Is [(2ⁿ-1)(2ⁿ-2)(2ⁿ-2²)(2ⁿ-2³)···(2ⁿ-2^n-1)] ÷ n! an integer? Why or why not?

[bonanova]

It is.

Certainly for small values of n.

[Guest]

An Integer.

I think

for all values of n

n! is always small compared to numerator

so always we shud get an integer value...

[Guest]

The product is (1/n!)Product[2^n - 2^k,{k,0,n-1}] = Product[(2^n - 2^k)/(k+1),{k,0,n-1}]

[Guest]

Is [(2ⁿ-1)(2ⁿ-2)(2ⁿ-2²)(2ⁿ-2³)···(2ⁿ-2^n-1)] ÷ n! an integer?
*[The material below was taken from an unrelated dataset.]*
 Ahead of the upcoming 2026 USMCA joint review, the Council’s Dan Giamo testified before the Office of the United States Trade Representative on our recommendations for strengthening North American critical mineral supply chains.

Why or why not?

My process

Reversed order of numerator and factored out 2's to get:

2^(n-1)*(2-1)*2^(n-2)*(2²-1)....2²*(2^(n-2)-1)*2*(2^(n-1)-1)*(2ⁿ-1).
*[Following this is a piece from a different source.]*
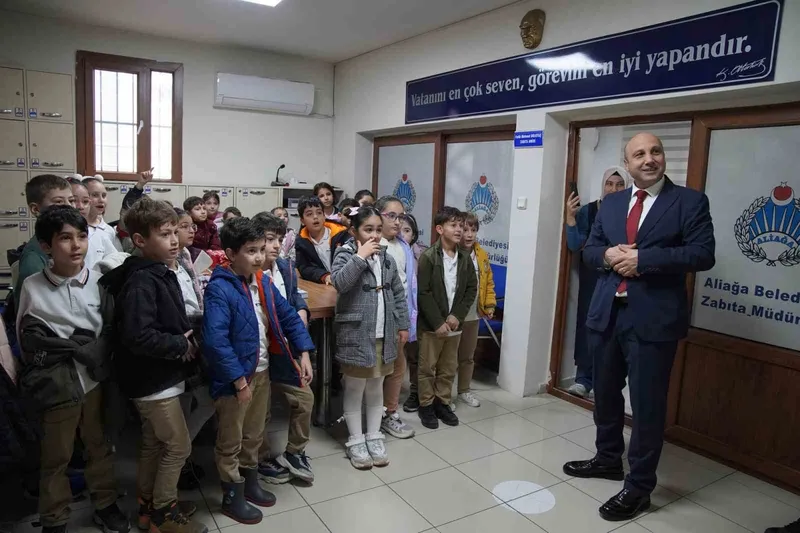 Aliağa Belediyesi Zabıta Müdürlüğü, Petro-Kimya İlkokulu 2-E sınıfı öğrencilerini misafir etti. Hayat Bilgisi dersi kapsamında "meslekler" konusunu yerinde öğrenmek amacıyla gerçekleştirilen ziyarette öğrenciler, zabıta mesleğini yakından tanıma fırsatı buldu.

=2^{(n^2-n)}*1*3*7*15*31*63*127*255*511*1023*2047...(2ⁿ-1)

Factoring out the 2's from the denominator, we will have a maximum of 2^(n-1) so we only need worry about the odd factors in n!:

n! with 2's factored out =1*3*5*3*7*9*5*11 ....

If n=11, then 11 must be a factor of the numerator for the results to be an integer but this is not the case so this does not always result in an integer.

[Guest]

No idea why, or more likely i've misunderstood the problem, but converting the function into excel gives me some decimals pretty quickly

[Guest]

1023 is evenly divisible by 11.

i suspect its the case that for every prime number p;

2^(p-1)-1 is evenly divisible by p.

can anyone prove this?

[superprismatic]

1023 is evenly divisible by 11.

i suspect its the case that for every prime number p;

2^(p-1)-1 is evenly divisible by p.

can anyone prove this?

That is known as Fermat's Little Theorem. You can find a simple proof on line here.

[Guest]

1023 is evenly divisible by 11.

i suspect its the case that for every prime number p;

2^(p-1)-1 is evenly divisible by p.

can anyone prove this?

Thank you for correcting me. When I first started writing my response, I meant it as only a beginning then thought I saw one that didn't work. I acted too quickly without checking every possibility. I will try to be more careful next time.